[Material for this task — start]

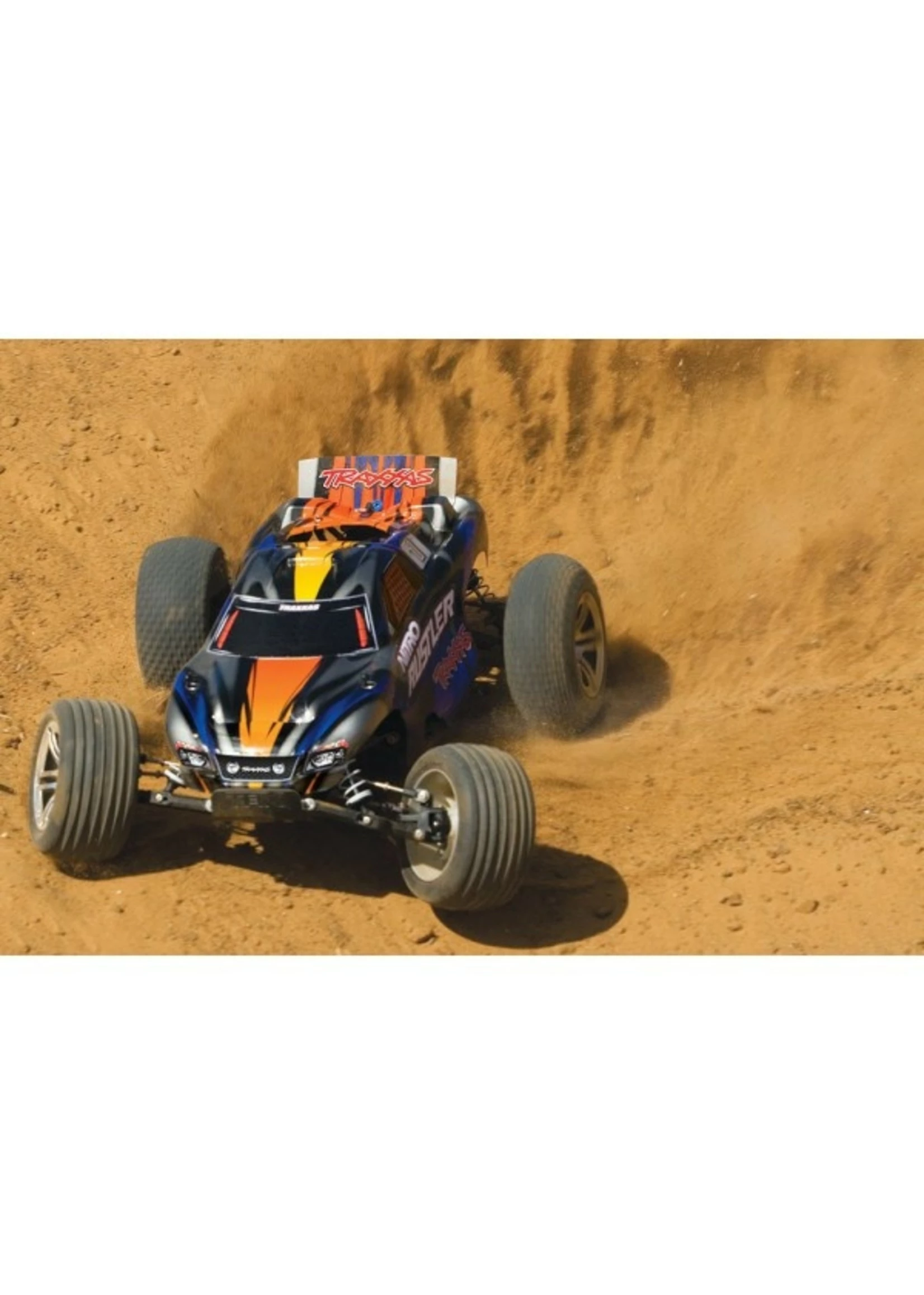Traxxas Stability Management TSM® allows you to experience all the extreme power, speed, and acceleration that was engineered into your Nitro Rustler making it much easier to control on common slippery surfaces such as loose dirt, smooth concrete, and even ice and snow. Punch it off the line and TSM goes to work sensing the vehicle’s direction and making steering corrections to provide straight-ahead full-throttle acceleration without fishtailing, spinouts, and loss of control. TSM also works during cornering, first making intuitive corrections to maintain your line, and then allowing you to hammer the throttle earlier in the turn for much faster exit speeds. Braking is dramatically improved as TSM works to keep you arrow straight until you come to a complete stop.
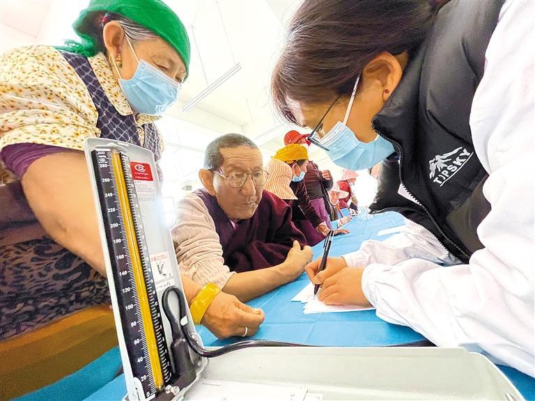 图为义诊活动中,医护人员为群众测量血压。记者 次旺 摄
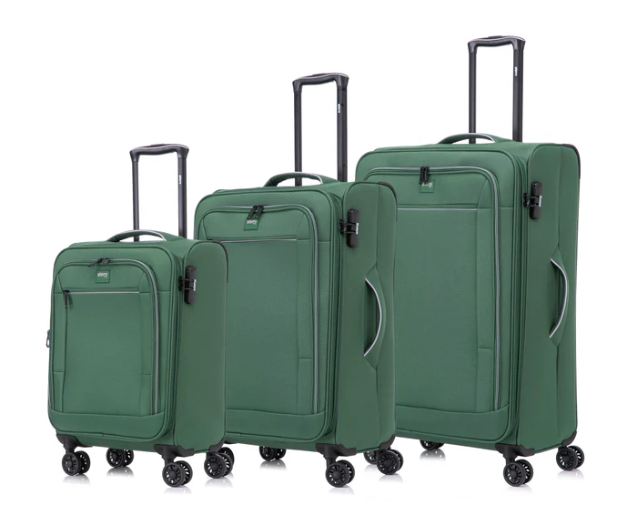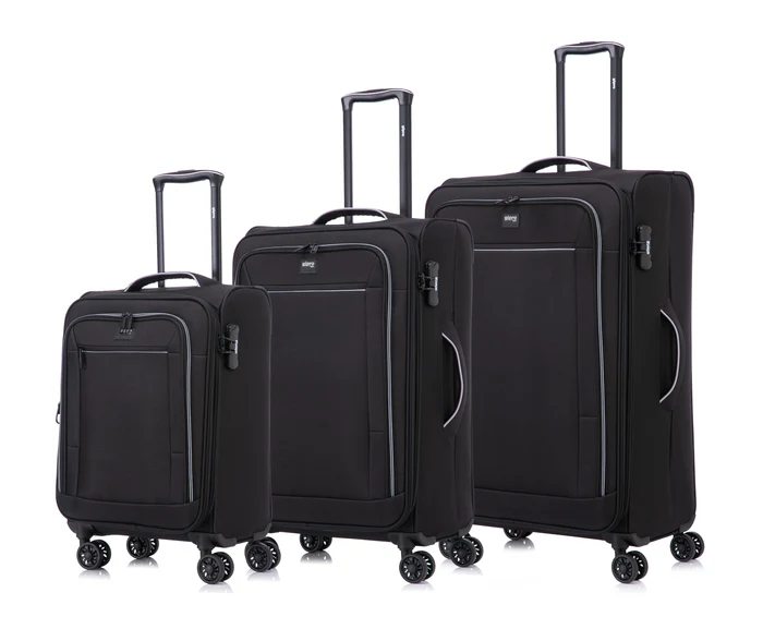 סט 3 מזוודות בד TOKYO: עיצוב נקי, בד פוליאסטר צפוף דוחה מים, הרחבת נפח בכ־20% בכל הגדלים, גלגלים כפולים (8 גלגלים) לנסיעה חלקה, ידית טרולי מתכווננת, 2 כיסים קדמיים ומנעול קומבינציה 3 ספרות. הסט נכנס אחת בתוך השנייה לאחסון בבית. אחריות שנה.
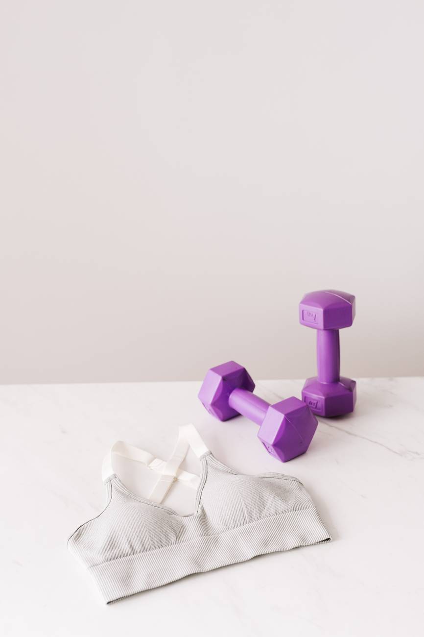 purple dumbbells and white sport bra on table
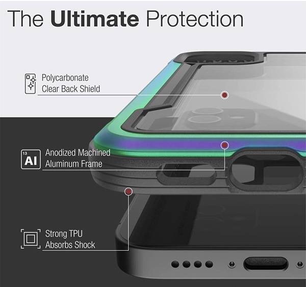 Ốp lưng iPhone 12/iPhone 12 Pro X-Doria Defense Shield được sản xuất bởi 3 chất liệu là mặt lưng nhựa cứng trong suốt, viền cao su dẻo và bao quanh viền là lớp Nhôm anodized giúp chống sốc tối ưu cho thiết bị của bạn.
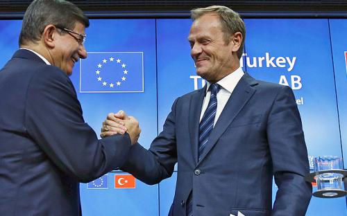 Σε συμφωνία για την αντιμετώπιση του προσφυγικού και τον περιορισμό των μεταναστευτικών ροών κατέληξαν το βράδυ της Κυριακής οι Ευρωπαίοι ηγέτες της ΕΕ και ο πρωθυπουργός της Τουρκίας Αχμέτ Νταβούτογλου. Η Γερμανίδα καγκελάριος Άνγκελα Μέρκελ επιβεβαίωσε ότι η Τουρκία θα λάβει 3 δισ. ευρώ για την αντιμετώπιση του προσφυγικού ενώ την ίδια ώρα θα επιταχυνθούν και οι συζητήσεις για την ένταξη της γειτονικής χώρας στην ΕΕ. Την ικανοποίησή τους για το κείμενο συμπερασμάτων, το οποίο συμπεριέλαβε τις ελληνικές θέσεις εξέφρασαν από τις Βρυξέλλες κυβερνητικές πηγές.
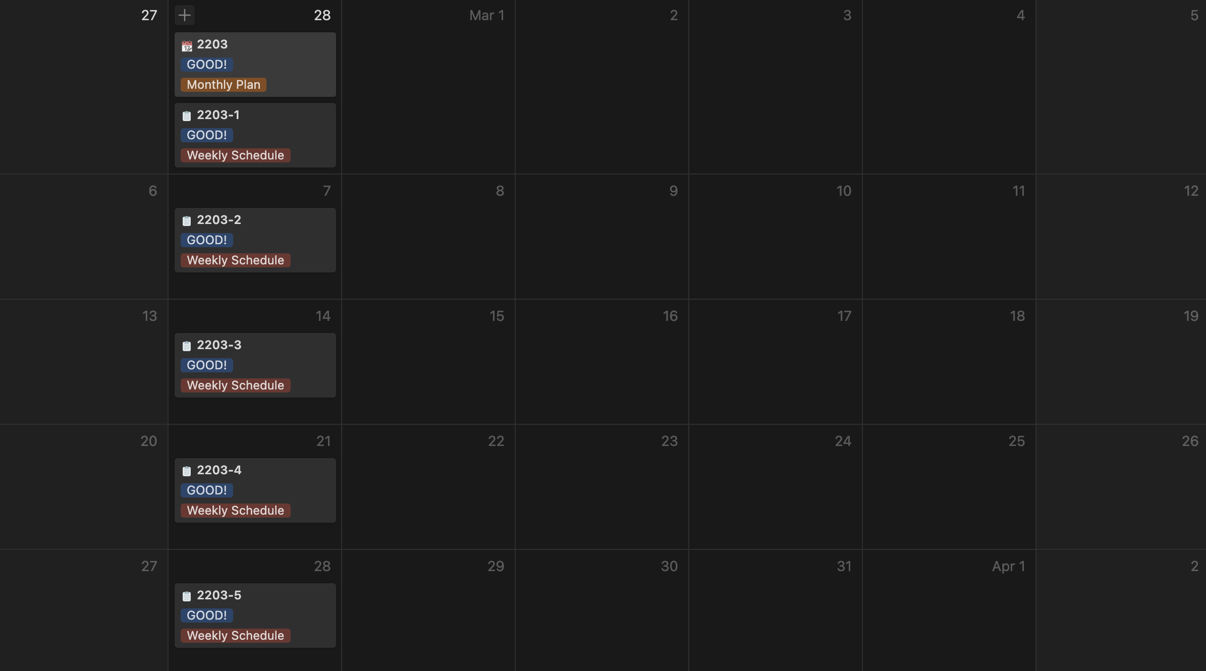 Notion의 달력 기능을 사용하였다. 매월, 주 초 목표 페이지를 생성한다.
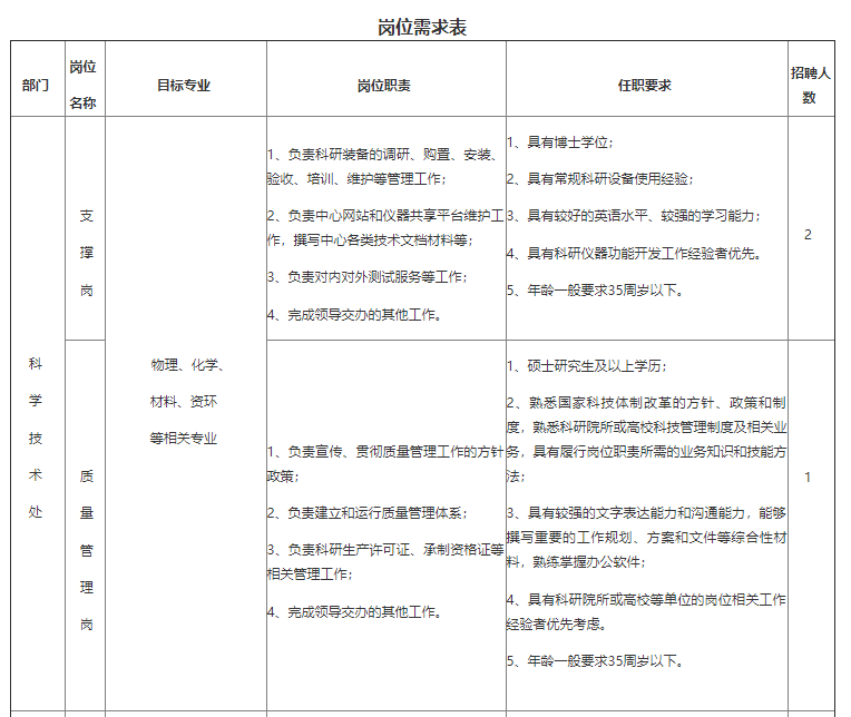 中国科学院赣江创新研究院(以下简称“赣江创新院”)是由中国科学院与江西省人民政府共建的中国科学院直属科研机构,位于江西省赣州市。根据中国科学院“三个面向”“四个率先”的办院方针,围绕关键金属资源领域国家产业发展重大需求,开展基础性、战略性、前瞻性研究,构建全链条创新体系,建成集创新研究、人才培养、重大应用为一体的新型研发机构,实现关键金属资源产业绿色发展和高端应用方面的提升跨越,发挥国立科研机构的骨干与引领作用。 网址:https://www.gia.cas.cn/zpxx/202109/t20210916_6203616.html 根据赣江创新院发展需要,现面向社会诚招以下支撑、管理类人才: 一、基本条件 1、热爱祖国,遵纪守法,品行端正,爱岗敬业; 2、具有较强的服务意识、团队合作精神和组织协调能力; 3、具备适应岗位需要的身体条件; 4、具备承受工作压力的心理素质; 5、具备招聘岗位所要求的其他条件。 二、招聘岗位 招聘岗位详细信息见附表。 三、薪酬福利 1、提供具有竞争力的薪酬待遇。 2、博士享有安家费60万元(分8年按月平均发放)。 3、提供完善的福利保障。 四、工作地点 江西省赣州市。 五、招聘程序 1、应聘者须提供以下材料:(1)《应聘申请表》(见附件);(2)证明材料:身份证、学历及学位证书、岗位任职证明材料、相关职业资格证书、其它能证明本人适合该岗位的材料等;(3)《应聘人员基本情况信息表》(见附件),上述材料打包,并以“岗位+姓名+学历+毕业学校+专业”命名,发送至报名邮箱; 2、初选合格者将参加面试,面试时间和地点将另行通知; 3、面试通过者参加竞聘答辩,届时请准备PPT竞聘报告。PPT报告内容主要包括:(1)个人基本情况;(2)工作业绩;(3)对应聘岗位理解与认识;(4)未来工作设想; 4、未通过初选者不另行通知,材料恕不退回,将予以严格保密。 自发布招聘启事之日起,凡符合招聘条件的人员均可报名,额满为止。 六、简历投递邮箱 (1)科学技术处:kjc@gia.cas.cn (2)人事教育处:yqhua@gia.cas.cn 1636537229(1).jpg [ 来自版块群 江西 ] |

[Material for this task — finish]

Required work
Your answer should be the exact lines above from the one containing "סט 3 מזוודות" through the one containing "Notion의 달력 기능을 사용하였다. 매월, 주 초 목표 페이지를 생성한다.", with both end lines kept and the pictures removed, please.

Response to the exercise
 סט 3 מזוודות בד TOKYO: עיצוב נקי, בד פוליאסטר צפוף דוחה מים, הרחבת נפח בכ־20% בכל הגדלים, גלגלים כפולים (8 גלגלים) לנסיעה חלקה, ידית טרולי מתכווננת, 2 כיסים קדמיים ומנעול קומבינציה 3 ספרות. הסט נכנס אחת בתוך השנייה לאחסון בבית. אחריות שנה.
 purple dumbbells and white sport bra on table
 Ốp lưng iPhone 12/iPhone 12 Pro X-Doria Defense Shield được sản xuất bởi 3 chất liệu là mặt lưng nhựa cứng trong suốt, viền cao su dẻo và bao quanh viền là lớp Nhôm anodized giúp chống sốc tối ưu cho thiết bị của bạn.
 Σε συμφωνία για την αντιμετώπιση του προσφυγικού και τον περιορισμό των μεταναστευτικών ροών κατέληξαν το βράδυ της Κυριακής οι Ευρωπαίοι ηγέτες της ΕΕ και ο πρωθυπουργός της Τουρκίας Αχμέτ Νταβούτογλου. Η Γερμανίδα καγκελάριος Άνγκελα Μέρκελ επιβεβαίωσε ότι η Τουρκία θα λάβει 3 δισ. ευρώ για την αντιμετώπιση του προσφυγικού ενώ την ίδια ώρα θα επιταχυνθούν και οι συζητήσεις για την ένταξη της γειτονικής χώρας στην ΕΕ. Την ικανοποίησή τους για το κείμενο συμπερασμάτων, το οποίο συμπεριέλαβε τις ελληνικές θέσεις εξέφρασαν από τις Βρυξέλλες κυβερνητικές πηγές.
 Notion의 달력 기능을 사용하였다. 매월, 주 초 목표 페이지를 생성한다.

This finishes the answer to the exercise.